The pulp from the digester usually contains partially cooked chips and twigs that cannot be allowed to continue further in the process. The pulp may also contain many other contaminants such as metal particles, gravel and other substances, all of which should be removed.

To remove these unacceptable residues, screening system devices called "twig catchers" have been placed in the pulp process system between the digester and brown pulp washer. The twig catchers remove the unwanted coarse material from the process stream and feed only the acceptable fibers to the brown pulp washer. The unacceptable material rejected by the twig catcher system can be recycled back to the digester for reboiling or otherwise removed.

The best twig catcher for use in mass processing for

a consistency requirement in the received that up to 2.5% is described in US patent 4,067,800 issued 10 January 1958 to Douglas L.

Young and entitled "Sighting device". For mass process applications where, say, 4% to 5% acceptance consistency is required, screens are available that have a high fiber content in the reject and must be used in complex multi-stage twig catcher systems followed by a twig emptier to reduce fiber loss to an acceptable level. Existing devices either cannot function at higher acceptance consistencies or have too high fiber losses in the reject stream so that multi-stage screening is necessary.

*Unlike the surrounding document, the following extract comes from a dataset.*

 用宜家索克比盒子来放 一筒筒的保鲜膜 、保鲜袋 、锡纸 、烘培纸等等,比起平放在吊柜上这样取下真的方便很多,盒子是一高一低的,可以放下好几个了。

This invention is a sighting device that will work around

4% or 5% acceptance consistency and does not result in the loss of a large amount of fiber along with rejected contaminants. With this invention, the loss is less than 5% fiber at the outlet. The sieving apparatus of this invention requires only a single-stage sieving followed by a twig remover, and therefore results in lower costs and less complicated installation. The sieve apparatus according to this invention will tolerate high concentrations of twigs without clogging the reject opening or clogging the sieve.

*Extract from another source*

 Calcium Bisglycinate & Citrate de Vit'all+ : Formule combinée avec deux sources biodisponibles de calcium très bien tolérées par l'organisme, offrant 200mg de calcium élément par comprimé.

Briefly described, the pressurized screening apparatus for screening a liquid suspension containing desired fibers and unwanted impurities includes a closed housing in which is placed a fixed cylindrical screen with an axial perforated section extending around its periphery and forming a receiving or acceptance chamber. An acceptance outlet communicates with the acceptance chamber to pass the desired fibers from the housing. A liquid suspension inlet for feeding the liquid suspension into the housing is also provided. A guide device for liquid suspension guides the liquid suspension along the outside of the fixed cylindrical sieve so that the desired fibers pass through the sieve. A reject outlet communicates with the liquid suspension guide to remove from the housing the unwanted contaminants rejected by the fixed cylindrical screen. Wiper means, including at least one wiper, are provided which are adapted to pass over the reject outlet opening to prevent clogging or bridging between the reject outlet openings.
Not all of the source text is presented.